Previously these autotrading programs also known as Expert Advisors or Forex Robots were expensive costing like thousands of dollars and only wealthy individuals or big institutions like hedge funds could afford them.
However, the recent advancement in computer programming has made it possible for professional forex traders to team up with a software expert to develop their own autotrading systems. Many private individual traders have also begun to adopt autotrading to execute their thoroughly backtested and highly optimized forex trading strategies.
Metatrader platform makes it real easy to program such type of Expert Advisors. The price of these Expert Advisors has also come down to around a few hundreds that can be easily purchased by ordinary investors like you and me.
Recent advancements in computer programming has led to the development of trading platforms that allow an API ( Application Programming Interface) which connects the trader’s system to the dealer’s trade execution structure through the trading platform. So what is autotrading? You must have heard or read a lot about the benefits or advantages of autotrading.

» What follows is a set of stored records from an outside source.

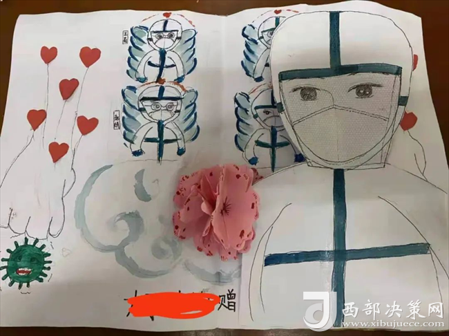 12月13日23時,第一例患者收住隔離病區(qū)?;純喝朐簳r全身感染,癥狀重,精神狀況差,哭鬧拒絕吃藥。為了安撫孩子焦慮情緒,隔離病區(qū)醫(yī)護(hù)人員輪流進(jìn)入病房,陪患兒玩耍,科室安排專人,購買孩子需要的跳繩、皮筋、折紙、水果等生活用品,功夫不負(fù)有心人,經(jīng)過醫(yī)護(hù)人員耐心、細(xì)心地陪伴,孩子的情緒逐漸平靜下來,并積極配合治療,患兒最終診斷為“急性化膿性扁桃體炎、流行性感冒、急性支氣管炎”。三天后,體溫恢復(fù)正常,精神狀況明顯好轉(zhuǎn)。12月22日,患兒痊愈出院,為了表達(dá)感激之情,她動手為隔離病區(qū)工作人員送上自己精心做的一幅手工畫,向科室醫(yī)護(hù)人員敬獻(xiàn)一面錦旗。
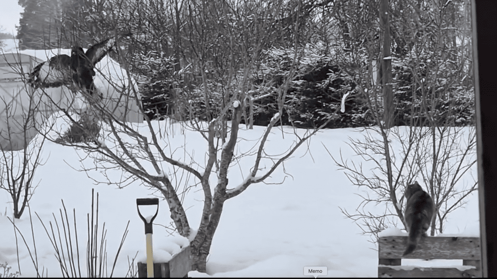 Vēl kādā video kadrā parādās arī mājas kaķis, kurš no droša attāluma vēro speķa ēdājus. Kaķa interese ir acīmredzama, taču pietuvoties plēsīgajiem putniem tas tomēr nesteidzas.
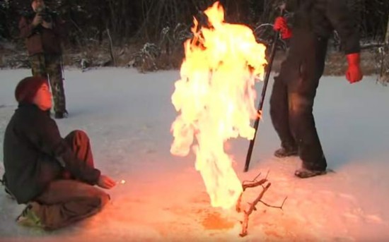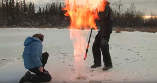 在一段拍摄于阿拉斯加湖的视频中,一位同事在冰冻的湖上打了一个洞,阿拉斯加费尔班克斯大学的教授凯蒂 沃尔特 安东尼点燃了从湖底逸出释放出的气体甲烷,爆发出明亮的橙色火焰。沃尔特 安东尼女士描述了这个过程,她说:“如果你打开冰封的地方,就会融化永冻土,其中的有机物就会被微生物分解。”

APIs requires programming skills on the part of either the trader or a programmer hired by the trader. But once all of the trading rules and criteria are determined by the trader, programming an API can be relatively straight forward for anyone with programming experience. After the specific trading rules and criteria are determined, the trading strategy is backtested with positive results.
Autotrading is almost as simple as flipping a switch to begin the trading process. When this occurs not only trades entered when predetermined technical criteria is met but trade exits in the form of stop loss and take profit rules can also be programmed into the API.
This creates an entirely self contained autotrading system. So autotrading can actually execute real trades on current real time market prices. When a predetermined signal emerges, the software actually places a trade automatically. However, before an autotrading system is put on live trading, it is thoroughly backtested and forward tested to make sure the likely success of the autotrading system.
In fact, autotrading is perhaps the best way to achieve it if the trader has optimized and perfected this type of black and white trading strategy that runs devoid of human judgment. Any nondiscretionary technical trading strategy that has clear cut, unambiguous rules is a good candidate for autotrading. Autotrading effectively eliminates all human biases, errors and emotions in the trading process.
There are a number of successful autotrading systems now available in the market for the ordinary retail investors. The best two are FAPT and Ivy Bot.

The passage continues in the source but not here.